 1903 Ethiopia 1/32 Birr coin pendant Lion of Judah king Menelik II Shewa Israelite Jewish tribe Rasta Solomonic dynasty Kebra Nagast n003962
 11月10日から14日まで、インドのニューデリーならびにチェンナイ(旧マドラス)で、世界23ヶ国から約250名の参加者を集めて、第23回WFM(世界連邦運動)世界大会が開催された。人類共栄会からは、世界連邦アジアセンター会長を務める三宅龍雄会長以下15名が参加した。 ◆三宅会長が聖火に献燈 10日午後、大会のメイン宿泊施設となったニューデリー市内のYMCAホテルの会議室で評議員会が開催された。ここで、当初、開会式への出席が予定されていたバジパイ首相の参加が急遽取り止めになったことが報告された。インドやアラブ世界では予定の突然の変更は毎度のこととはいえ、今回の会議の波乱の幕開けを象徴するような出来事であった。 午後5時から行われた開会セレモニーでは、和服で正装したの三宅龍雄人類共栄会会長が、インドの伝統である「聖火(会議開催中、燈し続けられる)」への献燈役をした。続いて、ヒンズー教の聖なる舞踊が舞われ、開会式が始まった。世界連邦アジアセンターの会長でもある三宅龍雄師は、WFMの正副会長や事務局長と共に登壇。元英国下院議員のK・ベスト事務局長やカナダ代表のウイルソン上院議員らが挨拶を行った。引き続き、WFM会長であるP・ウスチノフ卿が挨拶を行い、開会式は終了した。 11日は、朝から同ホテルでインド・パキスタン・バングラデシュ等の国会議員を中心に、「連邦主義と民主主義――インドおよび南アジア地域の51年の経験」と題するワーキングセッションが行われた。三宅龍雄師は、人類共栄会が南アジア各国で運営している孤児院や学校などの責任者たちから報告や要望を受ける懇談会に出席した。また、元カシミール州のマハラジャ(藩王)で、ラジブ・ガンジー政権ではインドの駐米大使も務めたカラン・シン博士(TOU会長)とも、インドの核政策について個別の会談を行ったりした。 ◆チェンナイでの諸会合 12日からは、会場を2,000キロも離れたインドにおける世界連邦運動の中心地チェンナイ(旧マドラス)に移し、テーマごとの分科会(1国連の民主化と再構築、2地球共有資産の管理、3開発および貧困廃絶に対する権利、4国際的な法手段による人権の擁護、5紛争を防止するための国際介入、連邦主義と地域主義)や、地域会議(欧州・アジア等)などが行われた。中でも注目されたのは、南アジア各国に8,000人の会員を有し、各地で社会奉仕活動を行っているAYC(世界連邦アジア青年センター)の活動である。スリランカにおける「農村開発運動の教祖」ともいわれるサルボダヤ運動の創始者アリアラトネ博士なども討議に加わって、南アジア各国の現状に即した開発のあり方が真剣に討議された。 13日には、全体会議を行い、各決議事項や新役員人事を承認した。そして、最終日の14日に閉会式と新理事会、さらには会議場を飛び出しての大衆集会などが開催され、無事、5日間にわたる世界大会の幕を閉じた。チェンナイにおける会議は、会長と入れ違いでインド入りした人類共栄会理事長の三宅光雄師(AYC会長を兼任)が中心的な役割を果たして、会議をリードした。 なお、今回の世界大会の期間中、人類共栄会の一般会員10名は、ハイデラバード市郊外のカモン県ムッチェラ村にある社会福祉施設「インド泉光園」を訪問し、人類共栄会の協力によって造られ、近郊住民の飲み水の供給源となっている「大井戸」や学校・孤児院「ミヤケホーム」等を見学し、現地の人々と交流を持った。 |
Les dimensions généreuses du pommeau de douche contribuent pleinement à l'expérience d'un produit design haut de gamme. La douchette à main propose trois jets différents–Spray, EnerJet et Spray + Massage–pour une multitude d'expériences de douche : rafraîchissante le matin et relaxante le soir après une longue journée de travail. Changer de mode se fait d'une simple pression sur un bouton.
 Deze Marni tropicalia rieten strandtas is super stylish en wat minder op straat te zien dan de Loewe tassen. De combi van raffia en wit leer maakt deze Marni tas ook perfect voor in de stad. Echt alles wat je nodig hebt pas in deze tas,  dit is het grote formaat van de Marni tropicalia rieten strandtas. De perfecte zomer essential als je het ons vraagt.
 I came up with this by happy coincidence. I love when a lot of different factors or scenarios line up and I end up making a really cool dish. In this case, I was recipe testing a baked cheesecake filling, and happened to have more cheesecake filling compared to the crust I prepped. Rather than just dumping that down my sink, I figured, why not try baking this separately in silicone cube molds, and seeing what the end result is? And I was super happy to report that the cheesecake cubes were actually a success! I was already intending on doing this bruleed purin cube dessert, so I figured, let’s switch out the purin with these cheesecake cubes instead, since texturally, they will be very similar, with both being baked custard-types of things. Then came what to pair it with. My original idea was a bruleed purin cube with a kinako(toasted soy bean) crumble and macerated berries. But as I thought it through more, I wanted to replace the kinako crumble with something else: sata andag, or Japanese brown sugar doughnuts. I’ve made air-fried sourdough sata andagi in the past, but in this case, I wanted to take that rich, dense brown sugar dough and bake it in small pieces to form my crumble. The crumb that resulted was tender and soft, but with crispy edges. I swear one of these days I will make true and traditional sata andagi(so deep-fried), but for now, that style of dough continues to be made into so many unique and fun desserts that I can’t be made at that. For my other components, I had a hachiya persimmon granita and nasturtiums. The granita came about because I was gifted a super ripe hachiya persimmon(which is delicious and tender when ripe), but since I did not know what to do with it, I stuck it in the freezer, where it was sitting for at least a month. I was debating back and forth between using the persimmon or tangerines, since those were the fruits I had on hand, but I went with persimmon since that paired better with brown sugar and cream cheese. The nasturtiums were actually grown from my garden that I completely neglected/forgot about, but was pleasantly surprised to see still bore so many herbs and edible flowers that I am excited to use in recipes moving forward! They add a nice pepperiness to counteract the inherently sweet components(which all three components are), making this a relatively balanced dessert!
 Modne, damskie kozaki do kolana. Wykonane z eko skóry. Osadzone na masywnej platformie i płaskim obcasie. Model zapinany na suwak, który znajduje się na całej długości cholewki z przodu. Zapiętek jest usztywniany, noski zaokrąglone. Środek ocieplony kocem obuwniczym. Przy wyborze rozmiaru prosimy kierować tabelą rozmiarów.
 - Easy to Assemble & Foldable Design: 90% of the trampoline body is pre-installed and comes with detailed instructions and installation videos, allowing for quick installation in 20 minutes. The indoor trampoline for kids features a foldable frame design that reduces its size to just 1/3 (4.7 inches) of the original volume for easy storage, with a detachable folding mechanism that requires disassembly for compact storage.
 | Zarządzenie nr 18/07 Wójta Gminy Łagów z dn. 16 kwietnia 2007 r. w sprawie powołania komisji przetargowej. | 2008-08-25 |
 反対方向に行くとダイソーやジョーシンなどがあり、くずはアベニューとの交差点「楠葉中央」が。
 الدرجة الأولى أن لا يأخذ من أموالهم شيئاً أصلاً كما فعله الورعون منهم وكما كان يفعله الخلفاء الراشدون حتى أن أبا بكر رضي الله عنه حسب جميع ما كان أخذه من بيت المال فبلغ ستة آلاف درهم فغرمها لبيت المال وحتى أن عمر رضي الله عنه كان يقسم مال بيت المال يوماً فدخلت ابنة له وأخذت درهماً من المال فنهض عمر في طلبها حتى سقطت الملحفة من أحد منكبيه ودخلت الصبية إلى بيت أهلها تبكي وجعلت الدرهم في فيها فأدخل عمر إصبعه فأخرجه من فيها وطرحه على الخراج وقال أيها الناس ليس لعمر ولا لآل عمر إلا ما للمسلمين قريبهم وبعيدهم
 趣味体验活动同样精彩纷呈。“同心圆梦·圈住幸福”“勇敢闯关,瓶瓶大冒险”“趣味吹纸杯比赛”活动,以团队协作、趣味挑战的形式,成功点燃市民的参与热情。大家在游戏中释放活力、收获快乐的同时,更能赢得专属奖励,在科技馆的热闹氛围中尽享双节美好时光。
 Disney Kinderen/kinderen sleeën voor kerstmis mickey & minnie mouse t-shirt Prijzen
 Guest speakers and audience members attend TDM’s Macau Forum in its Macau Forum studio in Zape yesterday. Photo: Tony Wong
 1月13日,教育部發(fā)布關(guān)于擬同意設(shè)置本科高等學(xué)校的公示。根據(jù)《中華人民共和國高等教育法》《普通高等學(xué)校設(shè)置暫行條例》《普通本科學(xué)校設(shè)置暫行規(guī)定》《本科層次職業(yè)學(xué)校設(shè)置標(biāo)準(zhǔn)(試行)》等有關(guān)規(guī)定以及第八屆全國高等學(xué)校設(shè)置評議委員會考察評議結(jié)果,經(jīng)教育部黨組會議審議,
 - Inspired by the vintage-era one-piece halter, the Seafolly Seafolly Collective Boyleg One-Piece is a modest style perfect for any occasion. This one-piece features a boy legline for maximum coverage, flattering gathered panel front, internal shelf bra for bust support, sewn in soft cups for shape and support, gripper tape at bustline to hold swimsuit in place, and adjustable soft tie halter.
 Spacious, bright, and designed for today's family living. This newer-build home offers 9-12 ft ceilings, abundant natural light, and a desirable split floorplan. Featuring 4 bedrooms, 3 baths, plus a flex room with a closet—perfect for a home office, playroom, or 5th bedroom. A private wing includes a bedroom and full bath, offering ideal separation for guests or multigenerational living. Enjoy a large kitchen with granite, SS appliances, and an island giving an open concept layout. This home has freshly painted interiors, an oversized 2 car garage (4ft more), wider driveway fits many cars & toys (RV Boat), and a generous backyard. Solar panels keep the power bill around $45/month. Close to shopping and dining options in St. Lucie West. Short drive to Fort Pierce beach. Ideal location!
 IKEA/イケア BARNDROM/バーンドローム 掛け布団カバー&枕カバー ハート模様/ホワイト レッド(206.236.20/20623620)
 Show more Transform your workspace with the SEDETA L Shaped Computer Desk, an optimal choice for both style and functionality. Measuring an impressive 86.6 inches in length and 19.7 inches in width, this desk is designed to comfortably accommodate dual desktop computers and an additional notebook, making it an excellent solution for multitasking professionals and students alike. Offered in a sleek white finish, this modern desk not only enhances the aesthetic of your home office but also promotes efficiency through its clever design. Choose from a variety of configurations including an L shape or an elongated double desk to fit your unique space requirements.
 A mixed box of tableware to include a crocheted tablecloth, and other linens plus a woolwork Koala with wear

Work task.
Where does "inches" appear in the listing? Show every line that has it.

Answer to this problem.
 - Easy to Assemble & Foldable Design: 90% of the trampoline body is pre-installed and comes with detailed instructions and installation videos, allowing for quick installation in 20 minutes. The indoor trampoline for kids features a foldable frame design that reduces its size to just 1/3 (4.7 inches) of the original volume for easy storage, with a detachable folding mechanism that requires disassembly for compact storage.
 Show more Transform your workspace with the SEDETA L Shaped Computer Desk, an optimal choice for both style and functionality. Measuring an impressive 86.6 inches in length and 19.7 inches in width, this desk is designed to comfortably accommodate dual desktop computers and an additional notebook, making it an excellent solution for multitasking professionals and students alike. Offered in a sleek white finish, this modern desk not only enhances the aesthetic of your home office but also promotes efficiency through its clever design. Choose from a variety of configurations including an L shape or an elongated double desk to fit your unique space requirements.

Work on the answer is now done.